_ACTIVITY_
Pictures excluded, retype the lines from the one containing "图2 面朝下的光锥描绘了因果" through the last line of the data below, both included.

- Opening Delimiter -

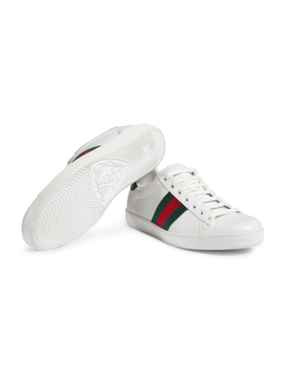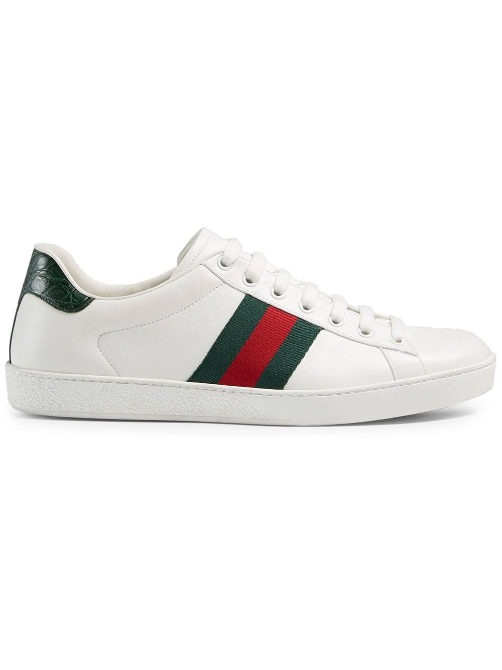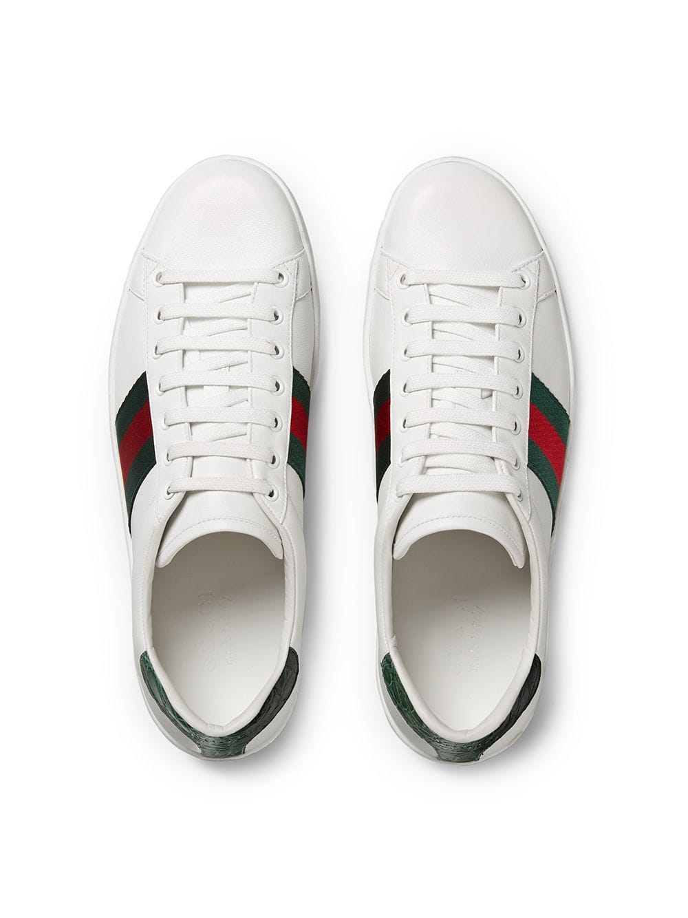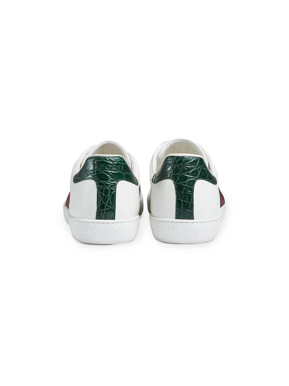 White leather with green and red Web. Green crocodile detail at the back. Rubber sole. .25″ height. Made in Italy.
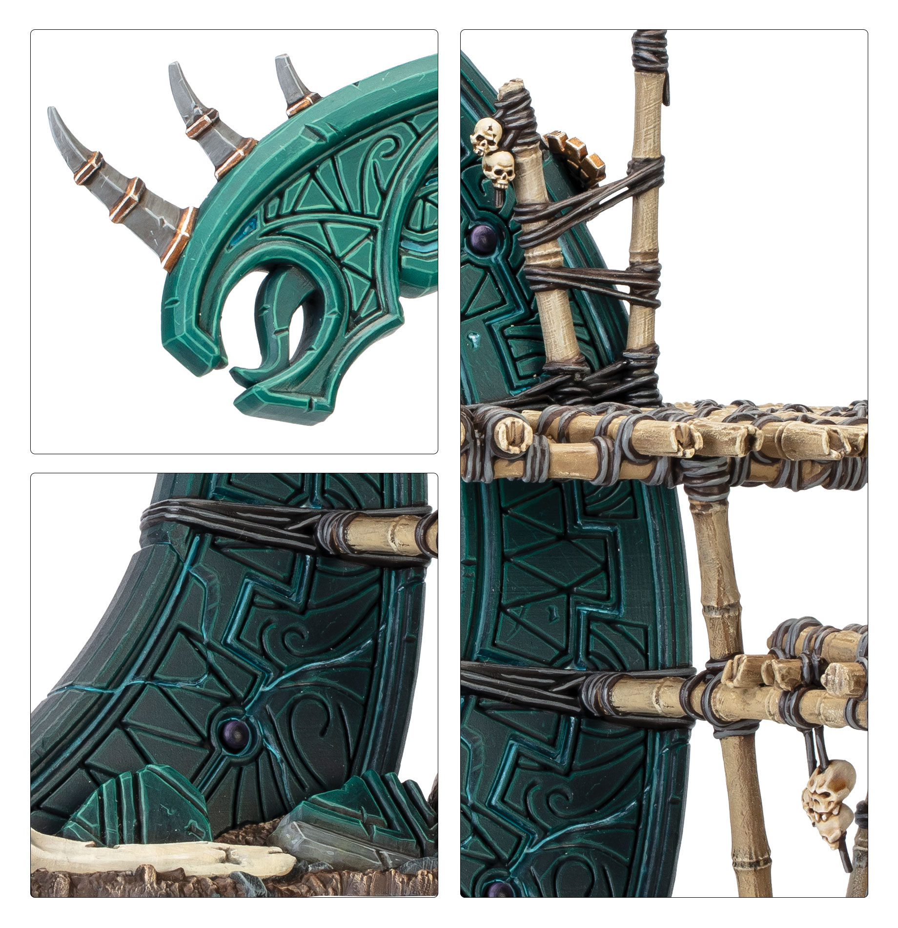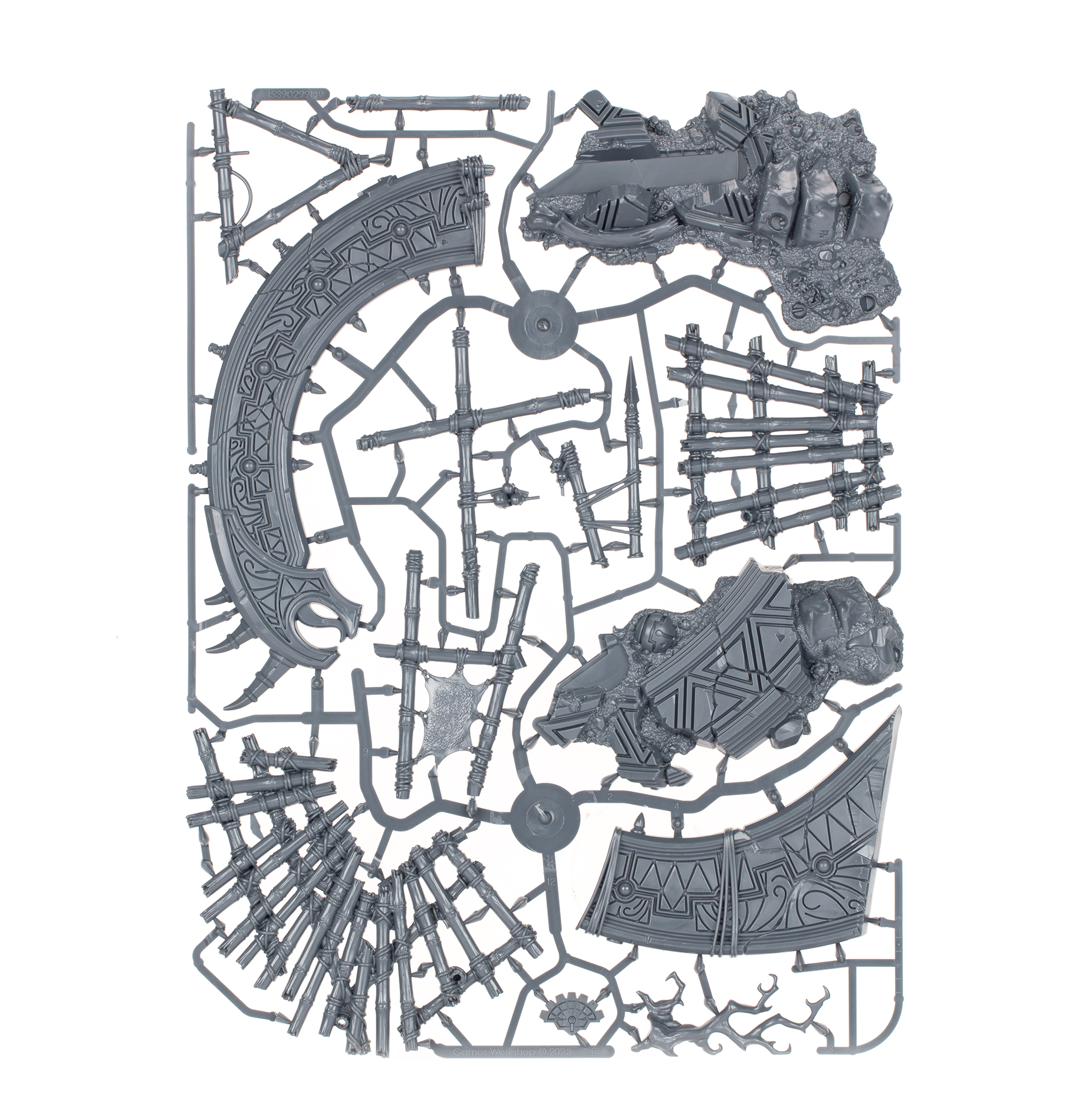 This multipart plastic scenery kit builds one massive Starfire Pylon, a piece of ancient Seraphon architecture, perfect for your games of Warcry and Warhammer Age of Sigmar. The two bamboo platforms lashed to the structure connect it visually with the rest of the Gnarlwood scenery kits, while the distinctive shape and detailing mark it out as an important strategic asset.
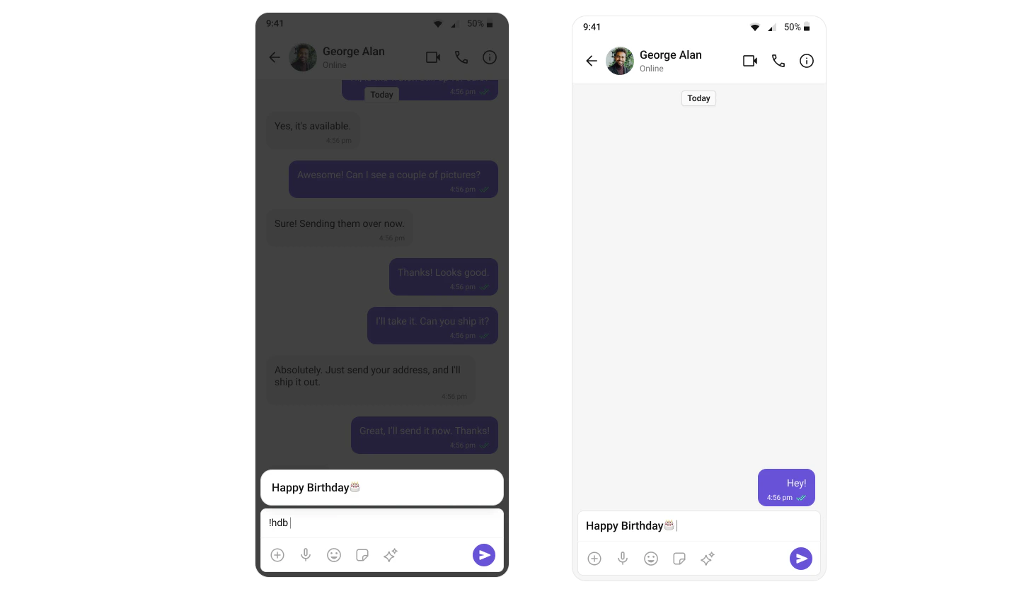 ! followed by a valid shortcut key (e.g., !hi) displays a suggestion with the expanded text. Selecting it inserts the expansion into the composer.
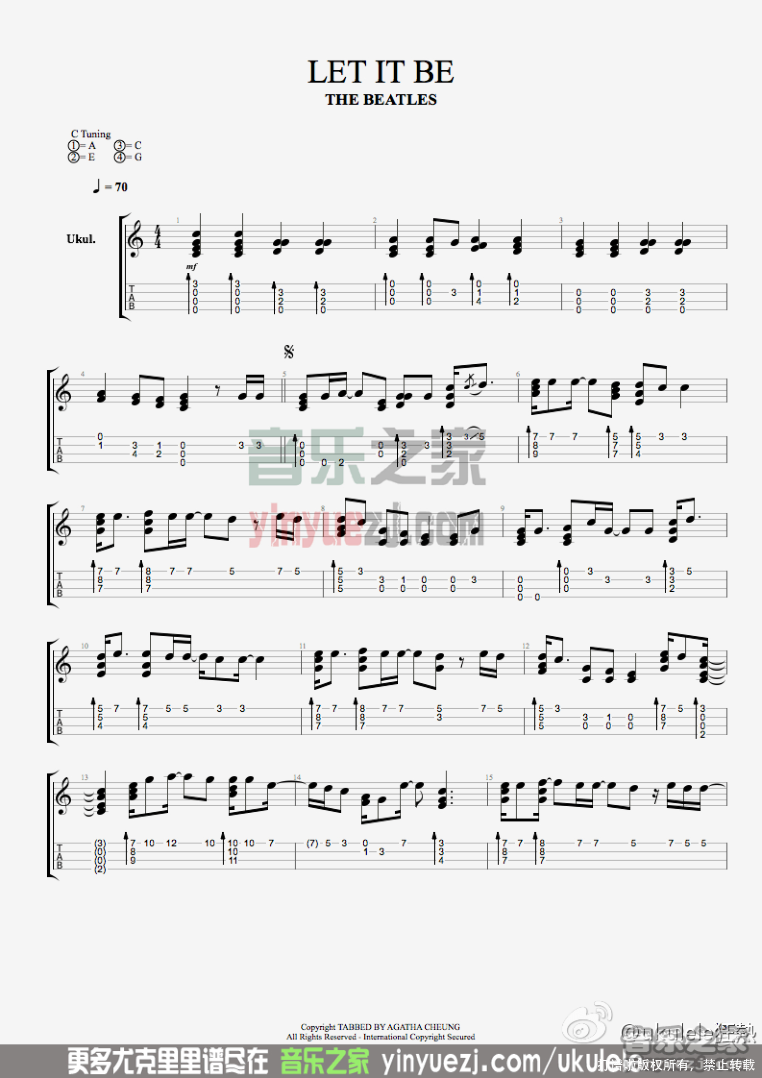 曲谱介绍: 《let it be》_C调尤克里里谱
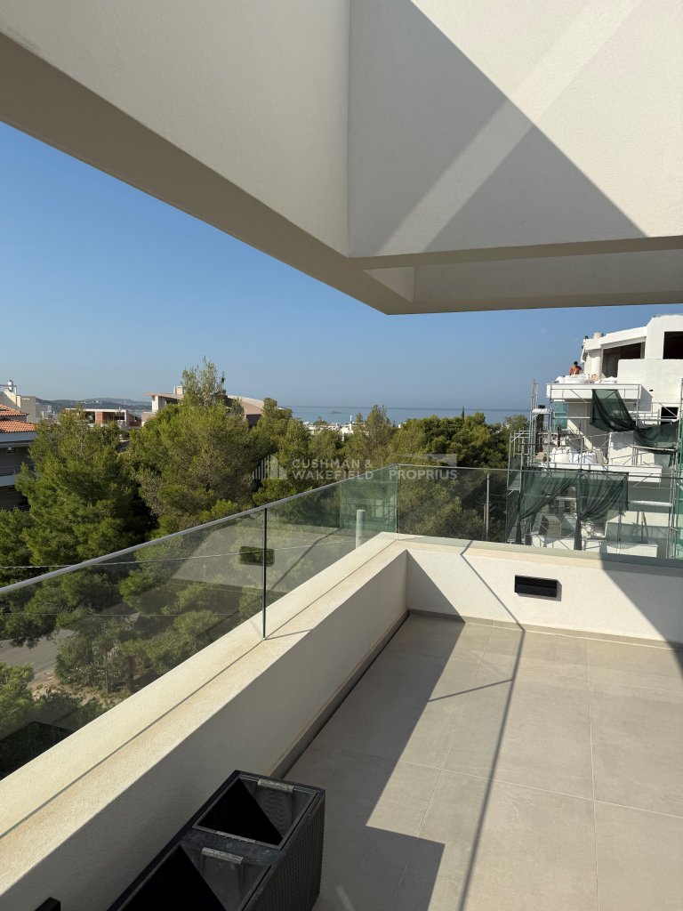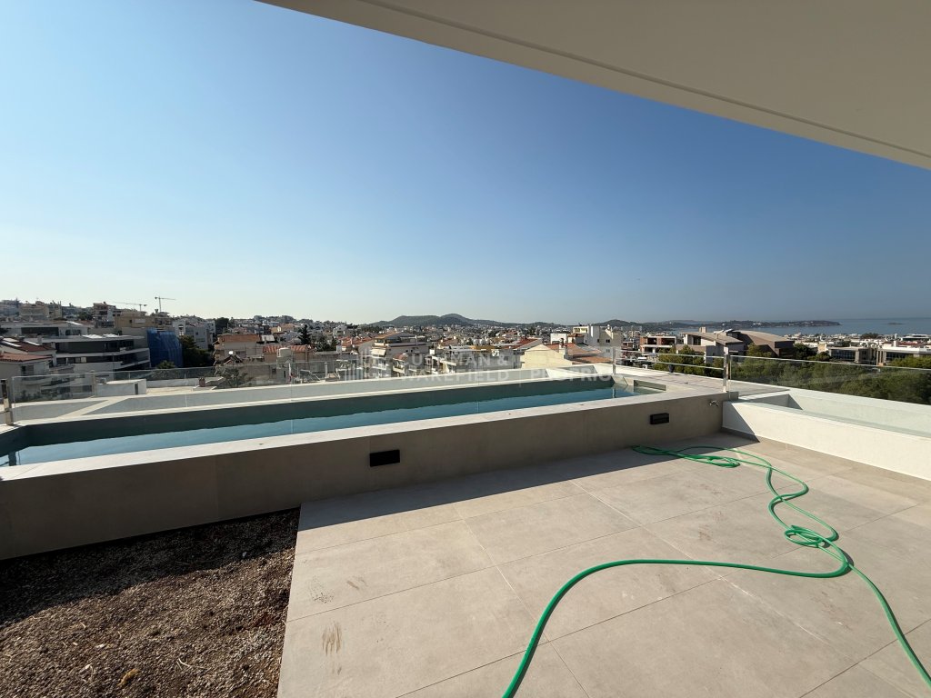 In Voula, this luxurious newly built corner maisonette offers breathtaking 360° sea views and combines elegance with comfort in one of the area's most tranquil locations, directly opposite a park. Spanning 220 sqm across the 3rd floor and a roof chamber, it is designed for premium living and includes a private 15 sqm pool and a beautifully appointed outdoor dining and BBQ area.
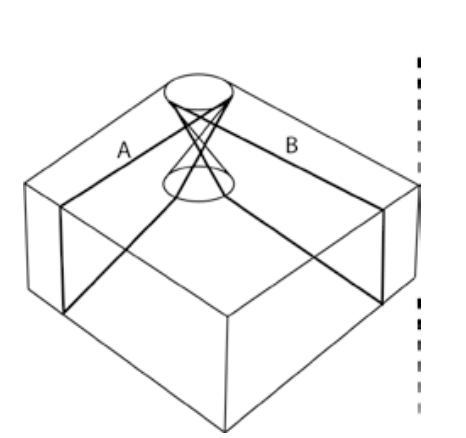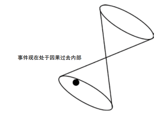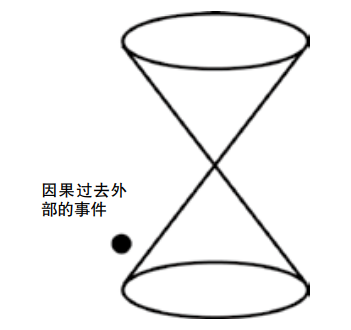 图2 面朝下的光锥描绘了因果过去。因果过去以外的事件,不会影响那个夹点(即在那个位置的当前时刻)
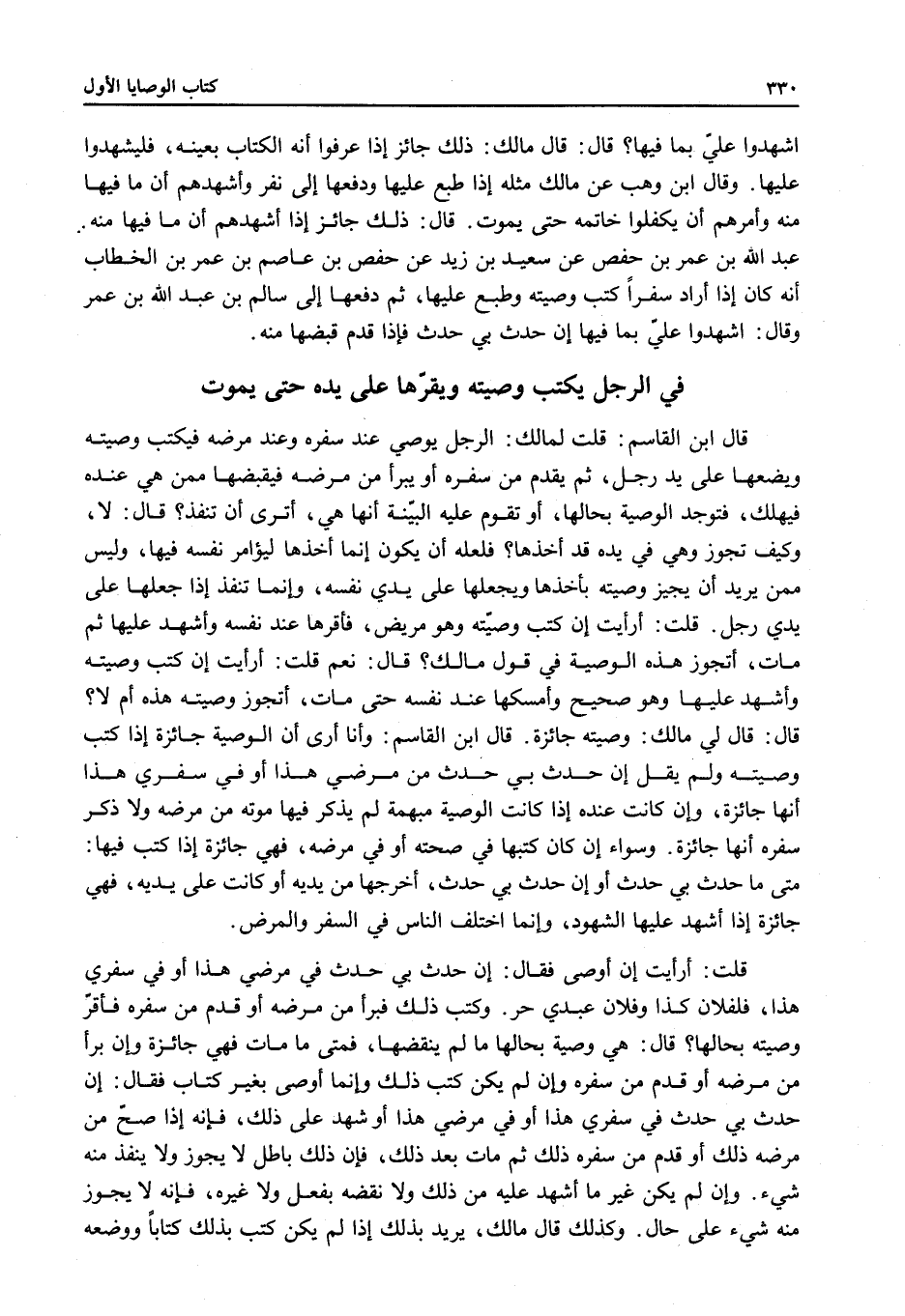 َ قَالَ ابْنُ الْقَاسِمِ قُلْتُ لِمَالِكٍ: الرَّجُلُ يُوصِي عِنْدَ سَفَرِهِ وَعِنْدَ مَرَضِهِ فَيَكْتُبُ وَصِيَّتَهُ وَيَضَعُهَا عَلَى يَدِ رَجُلٍ، ثُمَّ يَقْدَمُ مِنْ سَفَرِهِ أَوْ يَبْرَأُ مَنْ مَرَضِهِ فَيَقْبِضُهَا مِمَّنْ هِيَ عِنْدَهُ فَيَهْلِكُ، فَتُوجَدُ الْوَصِيَّةُ بِحَالِهَا، أَوْ تَقُومُ عَلَيْهِ الْبَيِّنَةُ أَنَّهَا هِيَ، أَتَرَى أَنْ تَنْفُذَ؟
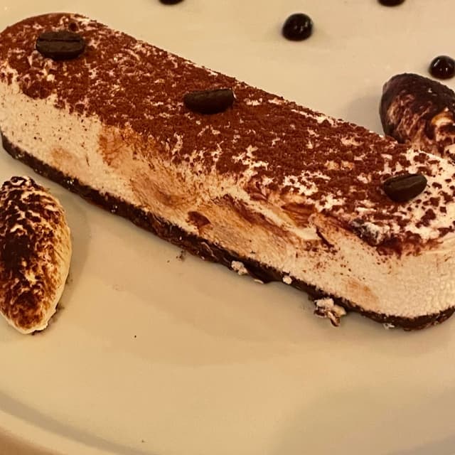 Tiramisù vegan, molto buona la crema ma un po' dura la base, nel complesso però buono e leggero.

- Closing Delimiter -

_SOLUTION FOR THIS PROBLEM_
 图2 面朝下的光锥描绘了因果过去。因果过去以外的事件,不会影响那个夹点(即在那个位置的当前时刻)
 َ قَالَ ابْنُ الْقَاسِمِ قُلْتُ لِمَالِكٍ: الرَّجُلُ يُوصِي عِنْدَ سَفَرِهِ وَعِنْدَ مَرَضِهِ فَيَكْتُبُ وَصِيَّتَهُ وَيَضَعُهَا عَلَى يَدِ رَجُلٍ، ثُمَّ يَقْدَمُ مِنْ سَفَرِهِ أَوْ يَبْرَأُ مَنْ مَرَضِهِ فَيَقْبِضُهَا مِمَّنْ هِيَ عِنْدَهُ فَيَهْلِكُ، فَتُوجَدُ الْوَصِيَّةُ بِحَالِهَا، أَوْ تَقُومُ عَلَيْهِ الْبَيِّنَةُ أَنَّهَا هِيَ، أَتَرَى أَنْ تَنْفُذَ؟
 Tiramisù vegan, molto buona la crema ma un po' dura la base, nel complesso però buono e leggero.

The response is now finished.